Nossos resultados destacam a superioridade dos neutrófilos derivados da medula óssea, mostrando uma vantagem numérica substancial na contagem de neutrófilos isolados ao lado de sua capacidade proficiente de sincronização. Nosso método baseado em medula óssea para isolar neutrófilos e NETs de ratos preenche uma lacuna de pesquisa otimizando técnicas de isolamento para esses tipos celulares. Ao contrário de métodos anteriores que usavam principalmente sangue periférico, nosso protocolo tem como alvo a medula óssea, aumentando os neutrófilos em grandes rendimentos e oferecendo um modelo de rato mais preciso para estudar a biologia de neutrófilos e ratos.

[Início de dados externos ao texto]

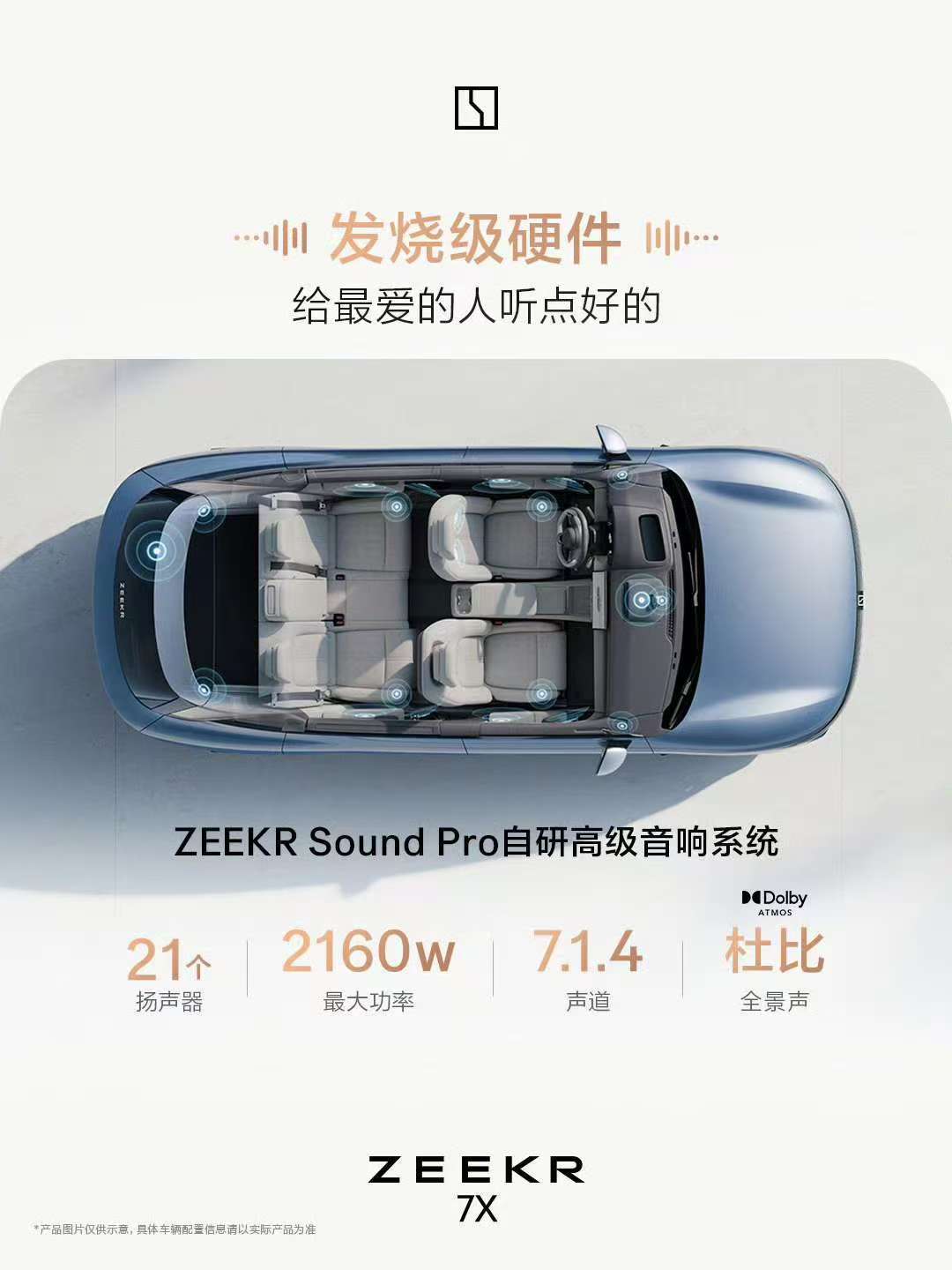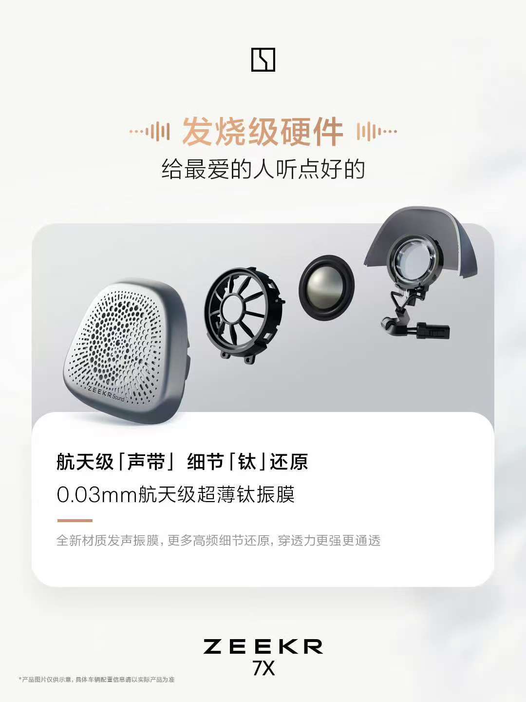 虽然说极氪7X这新车现在开始预售啦,但我发现它这车最亮眼的就是音响——足足21个扬声器,还用了航天级的超薄钛振膜,不管是放摇滚还是儿歌,声音细节都特清楚。

Esta pesquisa investiga métodos para isolar armadilhas extracelulares de neutrófilos (NETs) da medula óssea de ratos, comparando duas técnicas distintas. O estudo mostra que ambos os métodos produzem NETs funcionais, com os neutrófilos derivados da medula óssea demonstrando eficiência superior de isolamento em comparação com aqueles do sangue periférico.